Historia pewnych ubrań
piątek, listopada 12, 2010Dzisiejszy (pod tym adresem pierwszy) wpis jest dosyć sentymentalny, ze względów ubraniowych naturalnie. Ile lat ma szary sweterk, który mam na sobie?
Dokładnie nie wiem, ale ma co najmniej tyle lat co ja. Był to niegdyś ulubiony sweter mojej mamy. Pamiętam jeszcze jak go nosiła. Teraz zauroczył i mnie. Jest niesamowicie duży, ciepły i jakiś taki, po prostu swojski.
Buty natomiast były 'wychodzoną' lumpkową miłością. A zaczeło się to ponad rok temu. Cały boży miesiąc stały sobie w second hand'zie i czekały na mnie. Kiedy je kupowałam Pani przy kasie powiedziała, że straciła już nadzieję na nowy dom dla nich.
Torba jest już ze mną rok drugi i pozostanie jeszcze na wiele lat. Uwielbiam ją za kolor, pojemność, długi pasek, teksturę. Na początku strasznie się nad nią trzęsłam- do pierwszego przetarcia jak to się mówi;) Teraz nabrała uroku użytkowego (jak to mawia mój luby) i też jest jej z nim do twarzy.
tigro697.pinger.pl
6 komentarze
swietne buty, nawet bardzo
OdpowiedzUsuńWitaj Tigo! :)
OdpowiedzUsuńwow, to niesamowite, że te buty tyle przeleżały w sh, wprost jakby czekały na Ciebie :)

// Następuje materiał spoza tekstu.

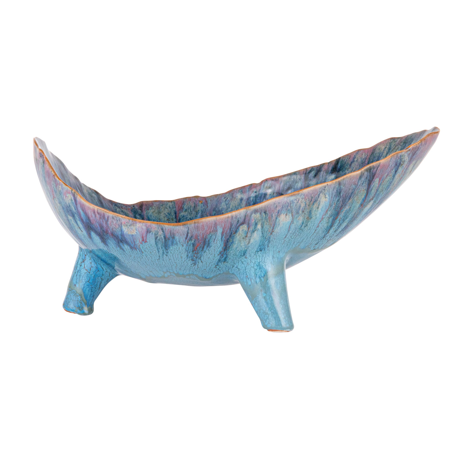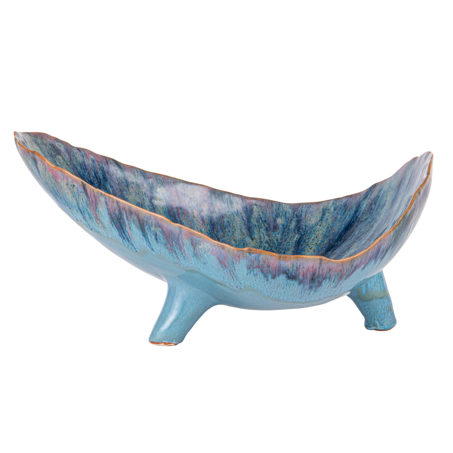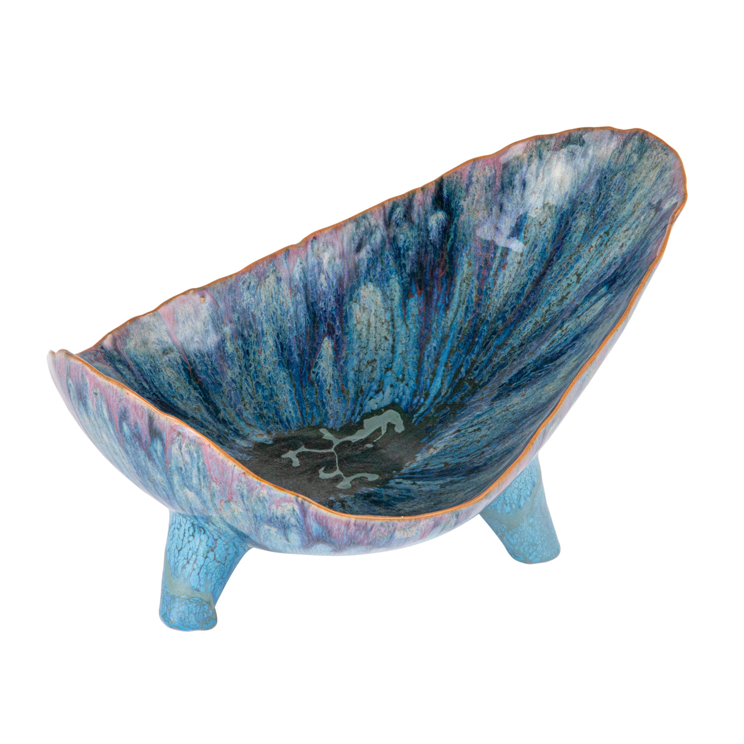 This Azure Footed Stoneware Bowl is a blend of natural form and mesmerizing color. The reactive glaze creates a dynamic blue pattern, with each bowl offering a distinct look that varies from piece to piece. The 12.50 inches in length, 8.50 inches in width, and 6.00 inches in height make it a versatile choice for both serving and showcasing, while the food-safe material ensures it's ready for any occasion. Whether filled with fresh produce or left empty to admire its beauty, this bowl stands out with its elevated design and captivating hue, making it a cherished addition to any home. Its organic shape and footed base combine to create a piece that's as much a conversation starter as it is a functional item.
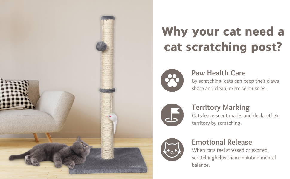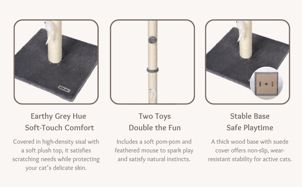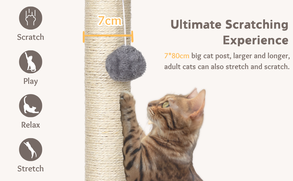 - Wear resistant sisal: robust natural sisal rope caused by daily scratches, keeps it in great conditions and reduces the need for spare parts.

OdpowiedzUsuńTakie buty przeleżały miesiąc w sh?! Piękne są :)
OdpowiedzUsuń6roove: to było przeznaczenie;))
OdpowiedzUsuńHi there!
OdpowiedzUsuńI just came up to your blog! I really really like it!
These pictures are so so lovely!
Maybe you can pass by mine &. we can follow eachother?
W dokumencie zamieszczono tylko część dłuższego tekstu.